🤖 AI Summary
This work addresses the challenge of cross-table retrieval and information composition in open-domain question answering. We propose an iterative multi-table retrieval framework that jointly optimizes semantic relevance, query coverage, and structural connectability. To our knowledge, this is the first approach to formulate multi-table retrieval as a greedy iterative search process, incorporating a lightweight joint-aware algorithm that dynamically evaluates semantic matching, coverage completeness, and inter-table joinability at each step.

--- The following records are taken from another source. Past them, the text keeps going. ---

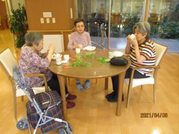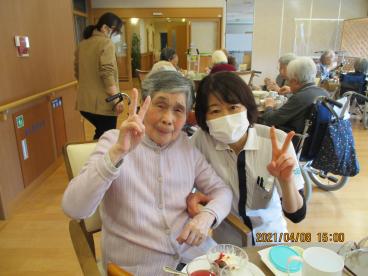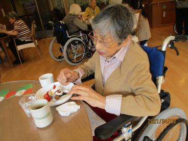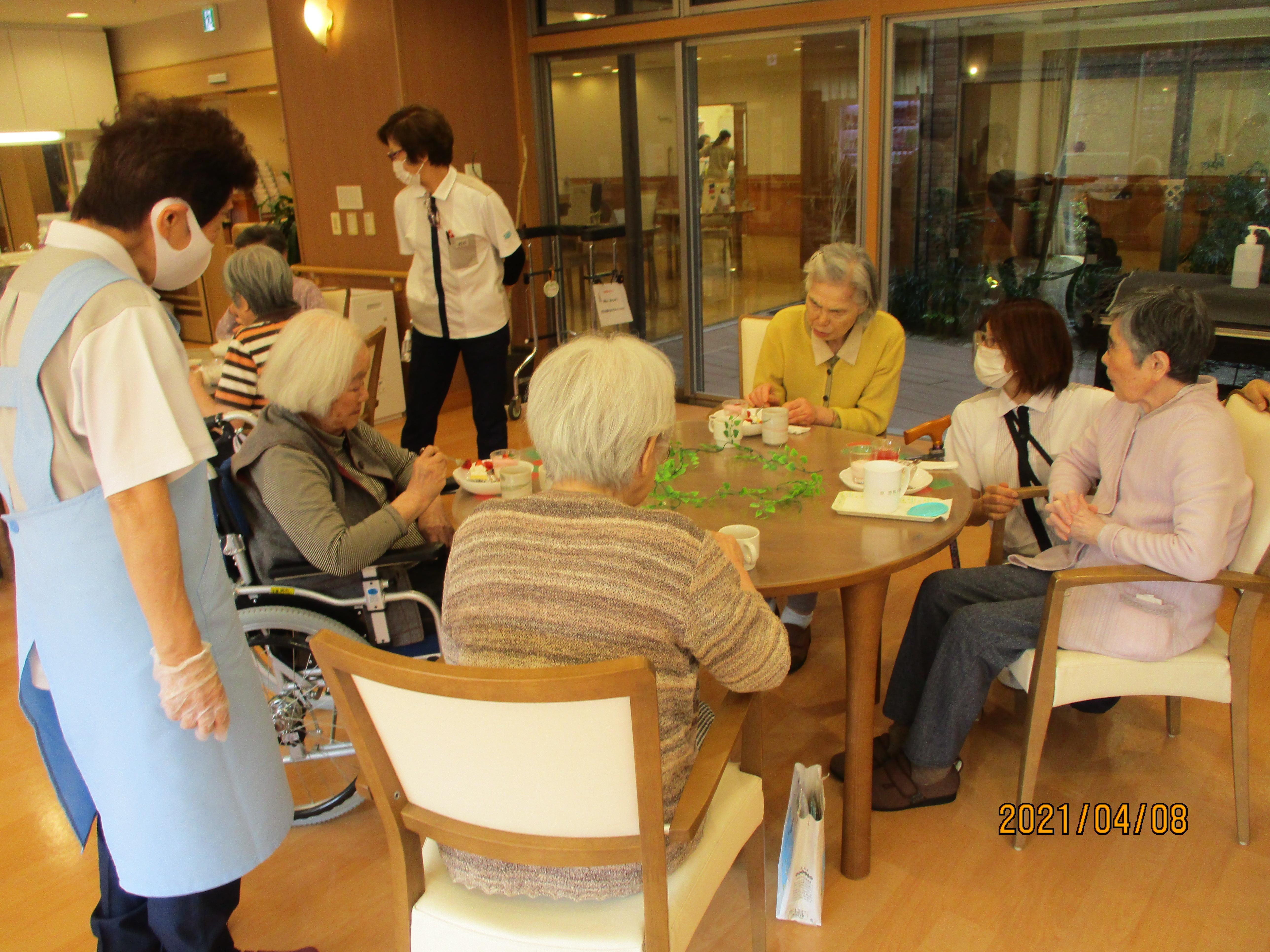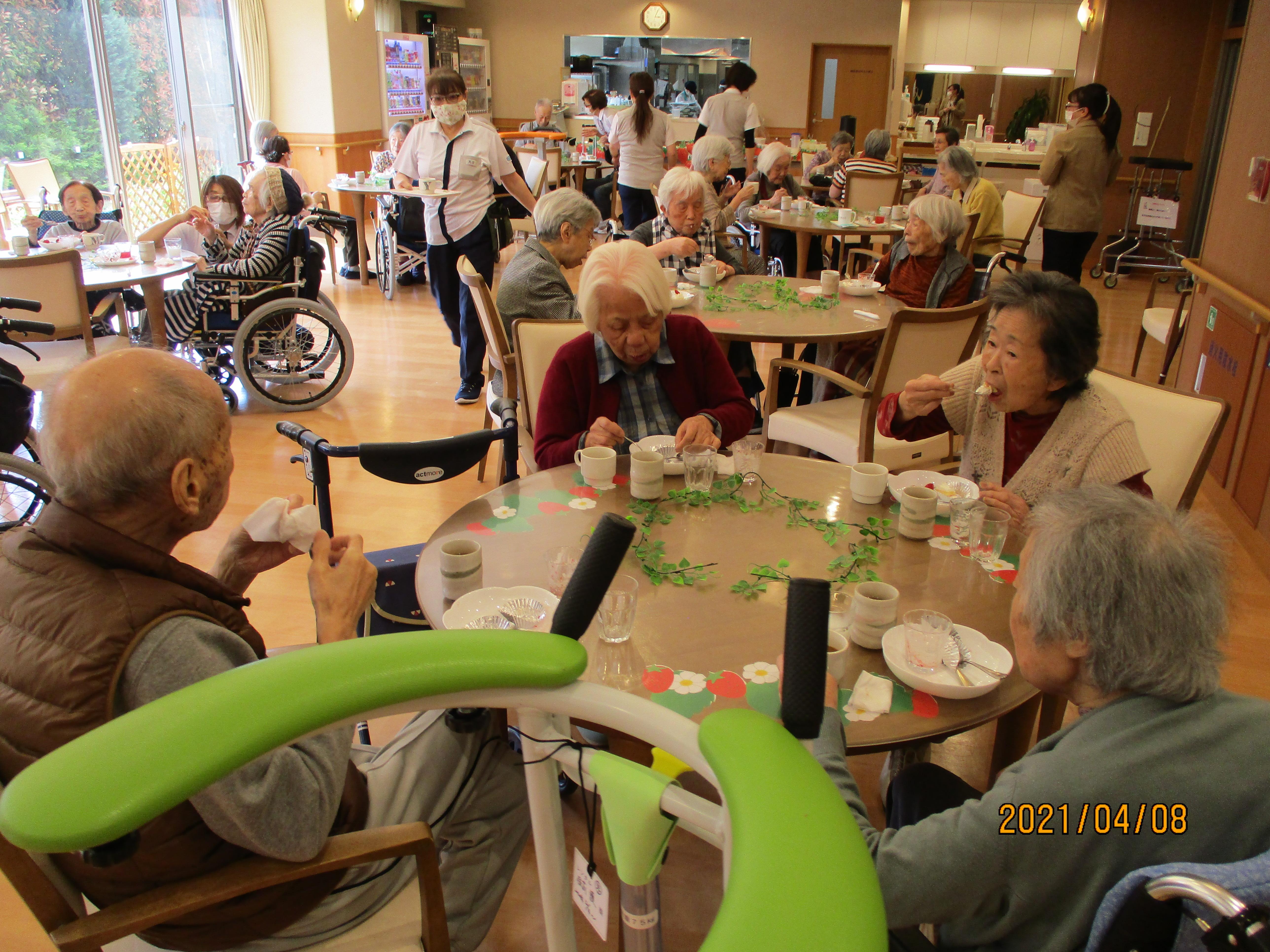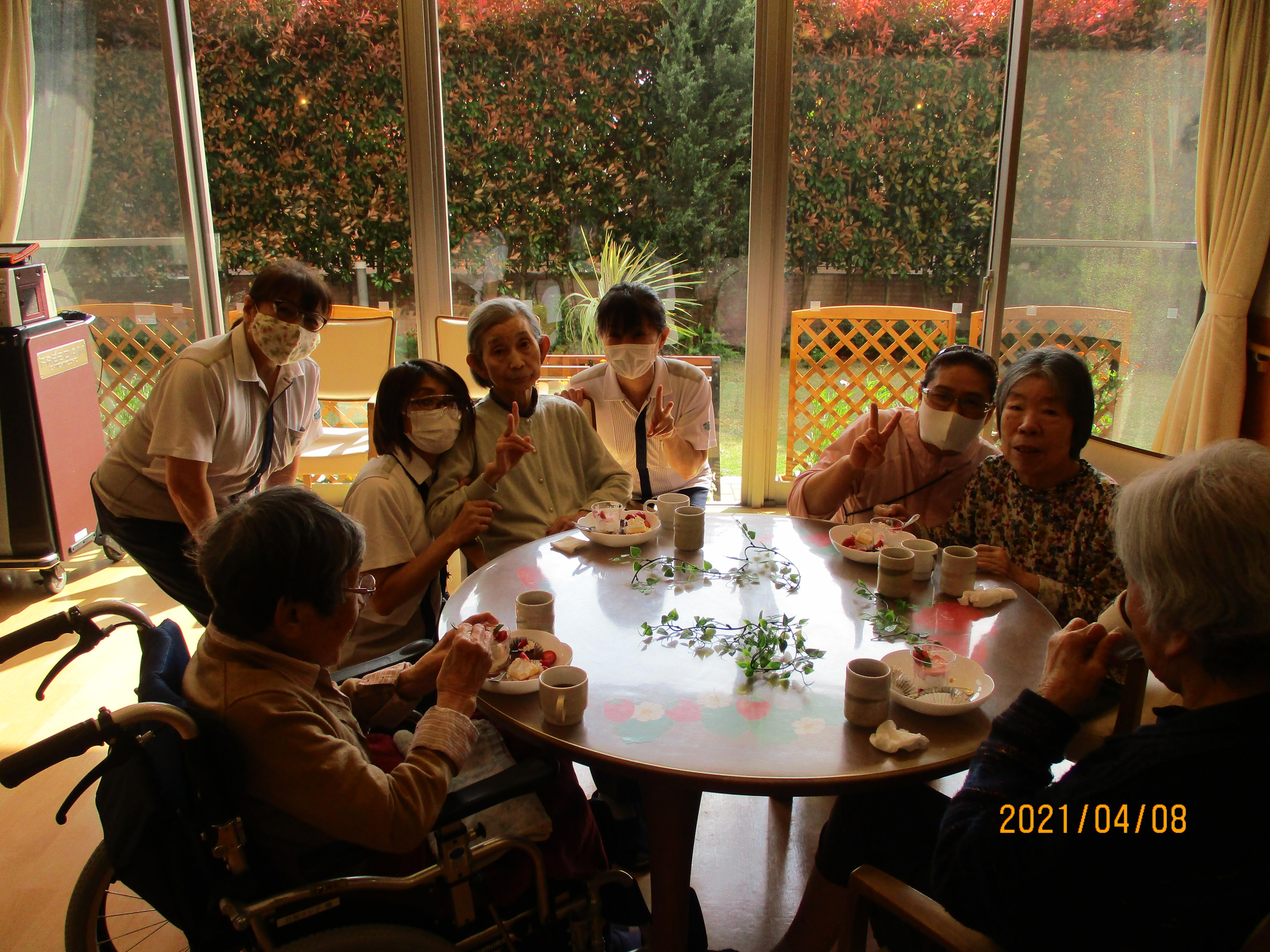 厨房スタッフ力作のイチゴデザートを飾りつけて、各々好きなドリンクを選んでいただき、提供させて頂きました。
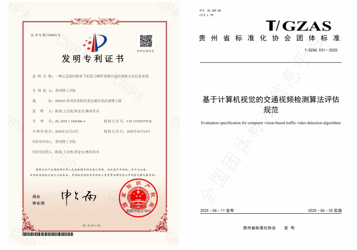 制定并发布了《基于计算机视觉的交通视频检测算法评估规范》(团体标准 T/GZAS 031—2025),为行业评测提供统一依据;形成知识产权组合:该项目获发明专利授权1项、受理1项,软件著作权2项,发表高质量学术论文2篇。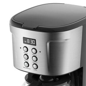 Características: Acabamento em Aço Inox Escovado Aroma Strength? Timer 24 Horas Painel Digital Corta Pingos Filtro Permanente e Removível Capacidade para 38 Cafezinhos Função Manter Aquecido Desligamento Automático Jarra de Vidro de 1,5L Indicador do Nível de Água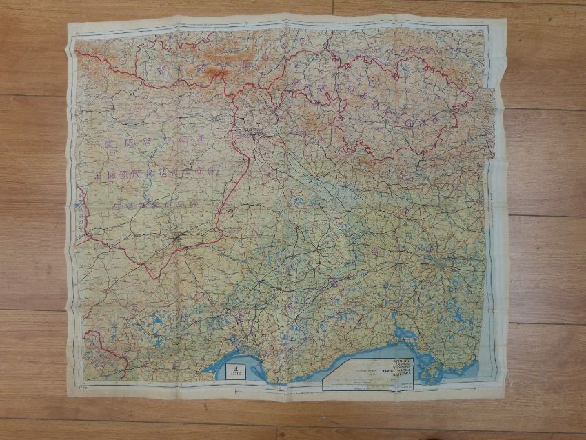 A double sided silk escapee map of Germany and surrounding areas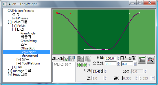 이동이 다소 부자연스러워 보이면 LegWeight 그래프를 스무딩해야 할 수 있습니다. 발이 도약할 때 발목이 너무 똑바로 이동하면 그래프에서 도약 부분의 LegWeight가 너무 긴 것일 수 있습니다.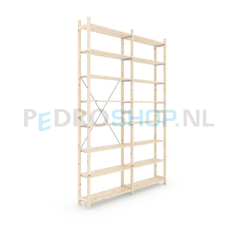 Houten stellingkast Easyrek: 300cm (h) x 30cm (d) x 203cm (l)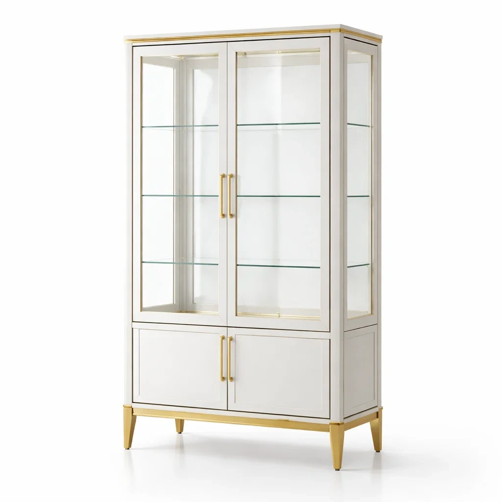 Cette vitrine est fabriquée en bois massif avec des portes en verre trempé. Elle est dotée d'étagères ajustables en verre transparent de 6 mm d'épaisseur. Les poignées et les pieds sont en métal doré.

Evaluated on five mainstream NL2SQL benchmarks, our method achieves retrieval accuracy comparable to exact MIP solvers while accelerating inference by 4–400×, significantly outperforming conventional single-objective heuristic methods. Our core contributions are: (i) the first iterative retrieval paradigm that jointly optimizes semantic relevance, coverage, and structural connectability; and (ii) an efficient, interpretable, and scalable solution for multi-table joint retrieval.
📝 Abstract
Open-domain question answering over datalakes requires retrieving and composing information from multiple tables, a challenging subtask that demands semantic relevance and structural coherence (e.g., joinability). While exact optimization methods like Mixed-Integer Programming (MIP) can ensure coherence, their computational complexity is often prohibitive. Conversely, simpler greedy heuristics that optimize for query coverage alone often fail to find these coherent, joinable sets. This paper frames multi-table retrieval as an iterative search process, arguing this approach offers advantages in scalability, interpretability, and flexibility. We propose a general framework and a concrete instantiation: a fast, effective Greedy Join-Aware Retrieval algorithm that holistically balances relevance, coverage, and joinability. Experiments across 5 NL2SQL benchmarks demonstrate that our iterative method achieves competitive retrieval performance compared to the MIP-based approach while being 4-400x faster depending on the benchmark and search space settings. This work highlights the potential of iterative heuristics for practical, scalable, and composition-aware retrieval.